(RECORDS PROVIDED Opens)

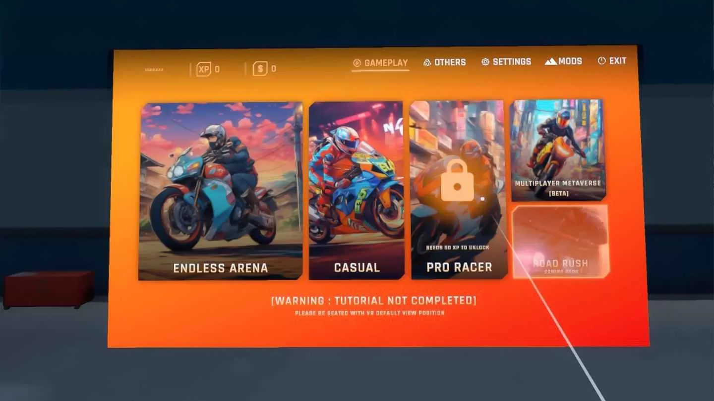 准备好在“Zero Glide – VR Motorcycle Mayhem”中加速您的虚拟引擎,这是一款为 Meta Quest VR 平台量身定制的令人兴奋的街机风格自行车加模拟游戏。
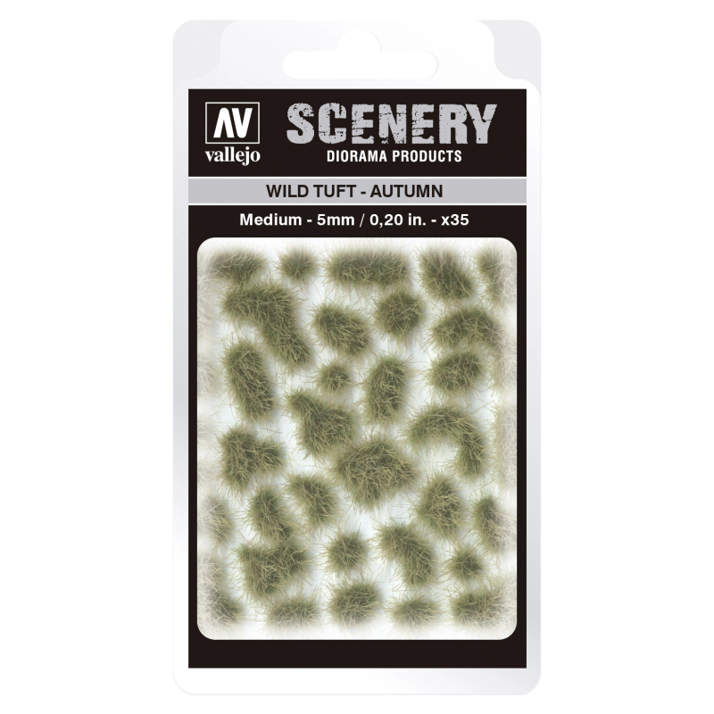 Vallejo Scenery to gama miniaturowych kępek imitujących roślinność, które pomagają uzupełnić scenki, dodając realizmu modelom, figurkom, terenom do gier wojennych czy dioramom.   Vallejo Scenery zawiera szeroką gamę rozmiarów i wzorów. Tufty są gotowe do użycia, należy po prostu odkleić każdą kępkę osobno i umieścić ją w scenie - są amoprzylepne do podłoża, choć można je również przymocować klejem PVA, aby uzyskać mocniejsze i trwalsze przyleganie.
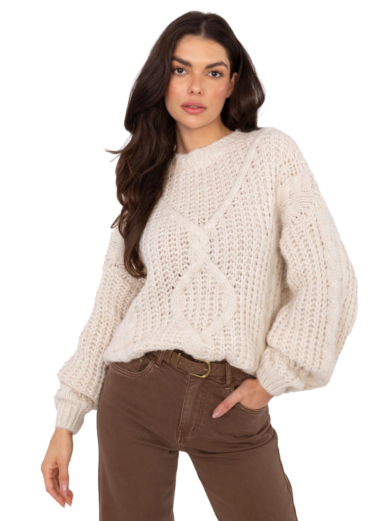 Modelis dėvi VIENO DYDŽIO (one size) megztinį.
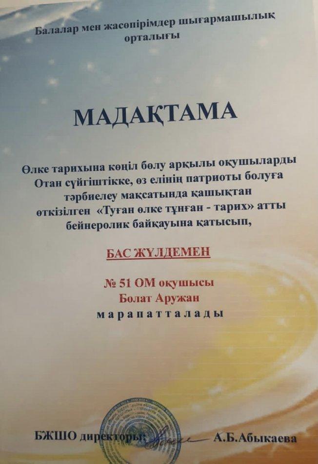 "Бас жүлде" - Болат Аружан 10 "А" сынып
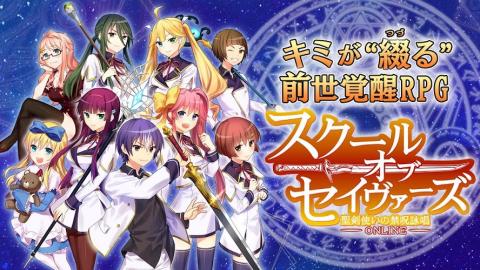 《学园救世主:圣剑使的禁咒咏唱 ONLINE》(スクール・オブ・セイヴァーズ 聖剣使いの禁呪詠唱 ONLINE)剧本由原作者亲自监修。在TGS2014现场,官方首先公布了“岚城五月”和“四门摩耶”两位女主角的3D建模,完成度还是非常不错的。故事讲述了有救世主、远古之龙、王子转世、冥王转世四重身份的龙傲天男主“灰村诸叶”,为了守护结下永世羁绊的两名挚爱而英勇战斗的故事
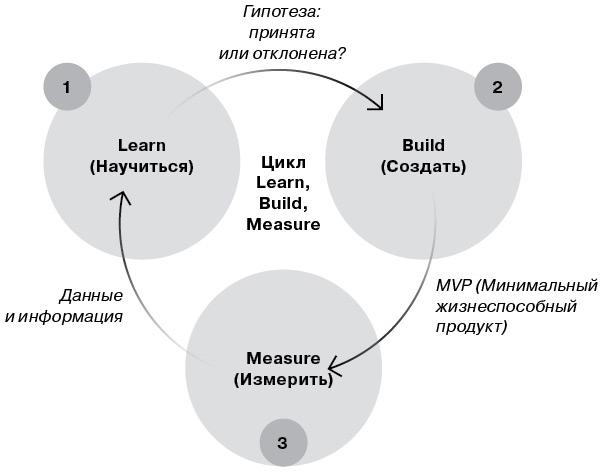 Для поиска PMF используется итеративный подход Learn, Build, Measure (научиться, создать, измерить). Это цикл, который делает упор на скорость как на важнейшую составляющую развития продукта (рис. 1.5).
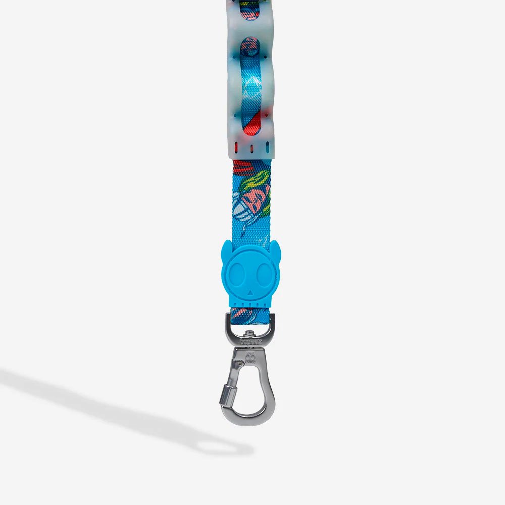 El asa de la correa está acolchada con suave neopreno, lo que la hace muy cómoda al tacto, incluso durante paseos largos. Además, su gancho Super Hook™ gira 360 grados y cuenta con un bloqueo de seguridad de rosca para mayor protección. El distintivo logo de goma en forma de calavera no solo añade estilo, sino que también protege las costuras, garantizando durabilidad.
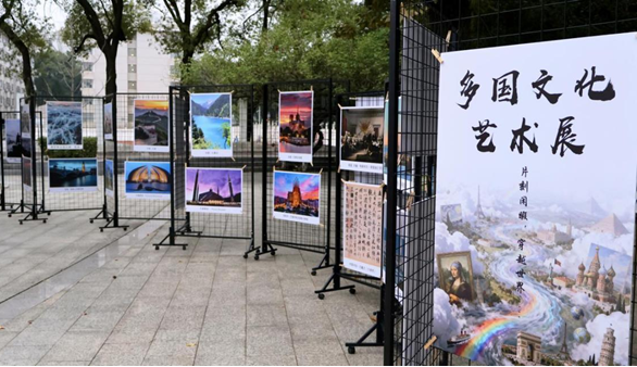 当长城与新天鹅堡同框、冬宫与卢浮宫对望,多国文化艺术展中来自九个国家的著名景点和艺术作品照片组成了“移动博物馆”,让人直观感受到世界文明的多样魅力。时而可见身着汉服或弗拉明戈裙的同学穿梭其间观展,更是成为一道流动的风景。
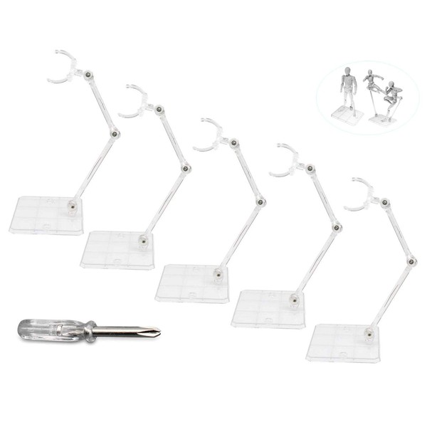 Flymer 5 Pcs Action Figure Display Holder, Transparent Action Display Stand for Doll Model Toy
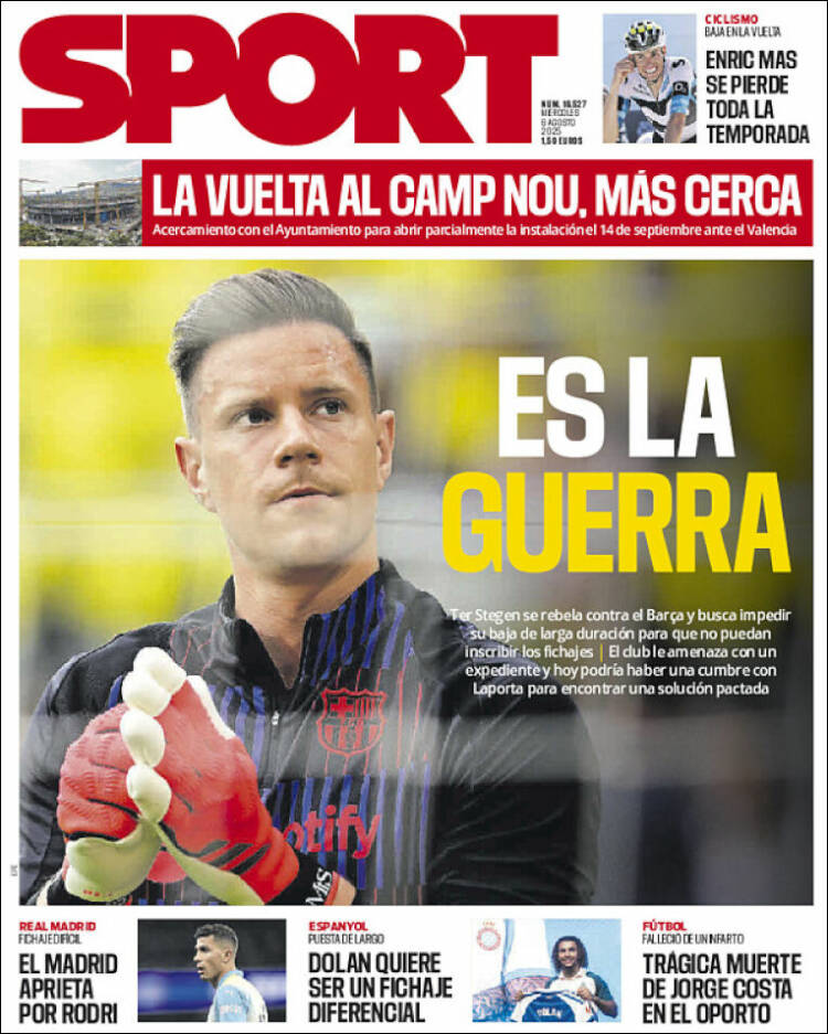 Sport llama “guerra” entre guardameta y club a la tensión entre ambos, y no parece que exagere. Sugiere el eximio rotativo catalán que podría haber una reunión entre ambas partes para “encontrar una solución pactada”. Apostamos por el ofrecimiento de unas ganancias diferidas, muy diferidas si nos apuráis, pero sustanciosas, a cambio de la firma del informe médico. No firmes, Marc-André. Sé fuerte. A fin de brindarte ánimo para aguantar el pulso, crearemos el hashtag #SeFuerteMarcAndre y le daremos todo el vuelo en nuestras redes sociales. Alguien tiene que frenar los planes, impíos pero impunes, ilegales pero aparentemente imparables, de esta caterva de sinvergüenzas. Si no les para Ter Stegen, experto en atajar, ya no sabemos quién podrá hacerlo, y lo que es peor: quién querrá.
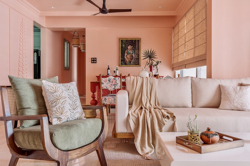 Cruising through the grey roads punctuated by occasional verdancy, Jade emerges like a breath of fresh air with a blush door, unveiling an entryway drenched in warm peachy hues. Paired with a classic wood-and-wicker console that anchors the space, it “draws from the city’s mix of tradition and modernity, creating a home that resonates with its cultural and cosmopolitan surroundings,” says Sakla. The vibrant tale of the Jade commences in its monochromatic peachy living room, embellished with bespoke wood and wicker furniture underscoring the traditional furniture-making craft. Peering over every conversation is a magnificent, panelled ceiling with intricate wooden frames that infuse a sense of warmth into the space. A gilded lotus sticker at the frame’s heart reflects the inhabitants’ penchant for a glistening touch. The architect further reveals, “One major challenge was balancing the clients’ desire for gold accents with the overall aesthetic, which was addressed through its subtle integration,” making an appearance even in the art-deco style wall scones.

(RECORDS PROVIDED Closes)

Before answering, find the line with "当长城与新天鹅堡同框、冬宫与" in the records above; then reproduce exactly each line from the first through that line, leaving out pictures.

● **THE COMPLETED TASK**:
 准备好在“Zero Glide – VR Motorcycle Mayhem”中加速您的虚拟引擎,这是一款为 Meta Quest VR 平台量身定制的令人兴奋的街机风格自行车加模拟游戏。
 Vallejo Scenery to gama miniaturowych kępek imitujących roślinność, które pomagają uzupełnić scenki, dodając realizmu modelom, figurkom, terenom do gier wojennych czy dioramom.   Vallejo Scenery zawiera szeroką gamę rozmiarów i wzorów. Tufty są gotowe do użycia, należy po prostu odkleić każdą kępkę osobno i umieścić ją w scenie - są amoprzylepne do podłoża, choć można je również przymocować klejem PVA, aby uzyskać mocniejsze i trwalsze przyleganie.
 Modelis dėvi VIENO DYDŽIO (one size) megztinį.
 "Бас жүлде" - Болат Аружан 10 "А" сынып
 《学园救世主:圣剑使的禁咒咏唱 ONLINE》(スクール・オブ・セイヴァーズ 聖剣使いの禁呪詠唱 ONLINE)剧本由原作者亲自监修。在TGS2014现场,官方首先公布了“岚城五月”和“四门摩耶”两位女主角的3D建模,完成度还是非常不错的。故事讲述了有救世主、远古之龙、王子转世、冥王转世四重身份的龙傲天男主“灰村诸叶”,为了守护结下永世羁绊的两名挚爱而英勇战斗的故事
 Для поиска PMF используется итеративный подход Learn, Build, Measure (научиться, создать, измерить). Это цикл, который делает упор на скорость как на важнейшую составляющую развития продукта (рис. 1.5).
 El asa de la correa está acolchada con suave neopreno, lo que la hace muy cómoda al tacto, incluso durante paseos largos. Además, su gancho Super Hook™ gira 360 grados y cuenta con un bloqueo de seguridad de rosca para mayor protección. El distintivo logo de goma en forma de calavera no solo añade estilo, sino que también protege las costuras, garantizando durabilidad.
 当长城与新天鹅堡同框、冬宫与卢浮宫对望,多国文化艺术展中来自九个国家的著名景点和艺术作品照片组成了“移动博物馆”,让人直观感受到世界文明的多样魅力。时而可见身着汉服或弗拉明戈裙的同学穿梭其间观展,更是成为一道流动的风景。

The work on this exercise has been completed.